Beekhuizen drew parallels between today and the time when Americans were facing the early stages of what would become a global pandemic. It was a period of broad economic uncertainty as the Covid virus affected every aspect of everyday life and caused massive shakeups in spending and employments trends.

The trends seen by the Pepperidge Farm and V-8 maker comes as Wall Street and economists wonder what’s next for the U.S. economy after President Donald Trump‘s tariff policy raised recession fears and battered consumer sentiment.

More meals at home could mean people are eating out less, showing Americans tightening their belts. That can spell bad news for gross domestic product, two thirds of which relies on consumer spending. A recession is commonly defined as two straight quarters of the GDP shrinking.
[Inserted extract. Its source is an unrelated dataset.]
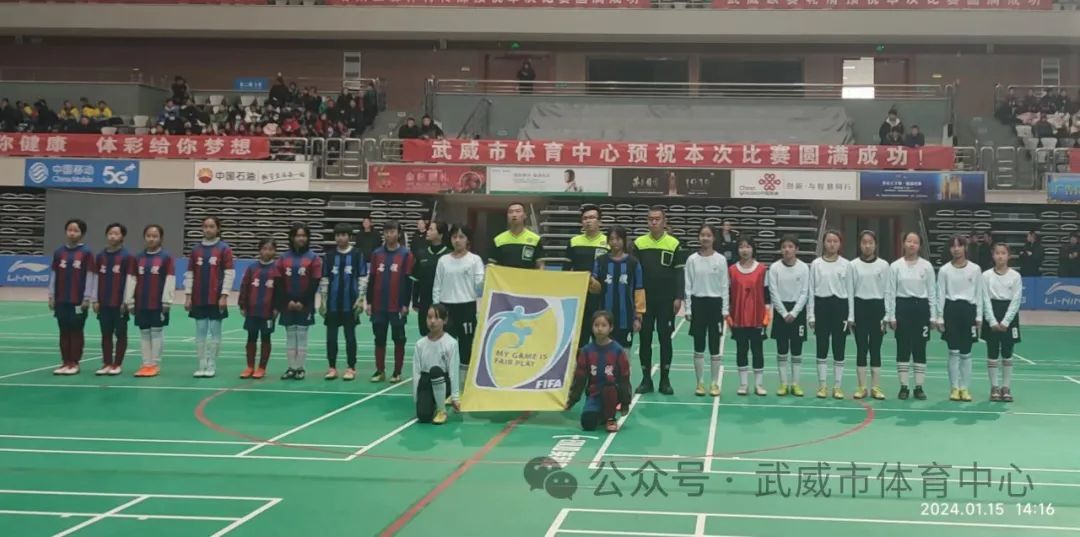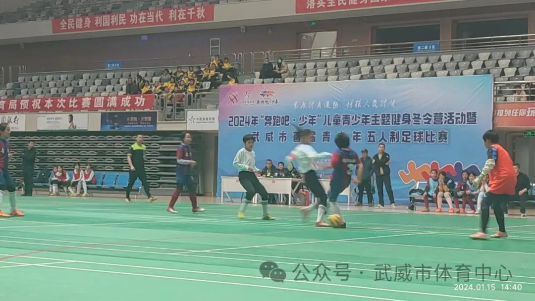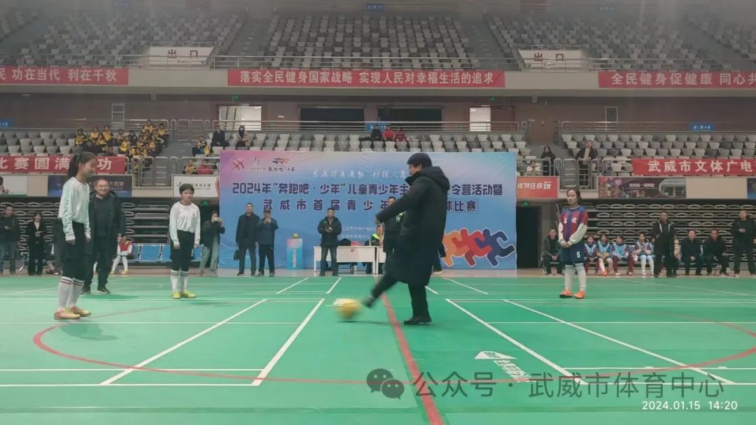 1 月 15 日,武威市2024年“奔跑吧·少年”儿童青少年主题健身冬令营活动暨首届青少年五人制足球比赛在武威市体育馆举办,来自全市三县一区11支代表队的 217名运动员、教练员和裁判员参加本次比赛。

It can also underscore the souring outlook of everyday Americans on the national economy. The University of Michigan’s consumer sentiment index last month fell to one of its lowest levels on record.

Campbell’s remarks came after the soup maker beat Wall Street expectations in its fiscal third quarter. The Goldfish and Rao’s parent earned 73 cents per share, excluding one-time items, on $2.48 billion in revenue, while analysts polled by FactSet anticipated 65 cents and $2.43 billion, respectively.

Shares added 0.8% before the bell on Monday. The stock has tumbled more than 18% in 2025.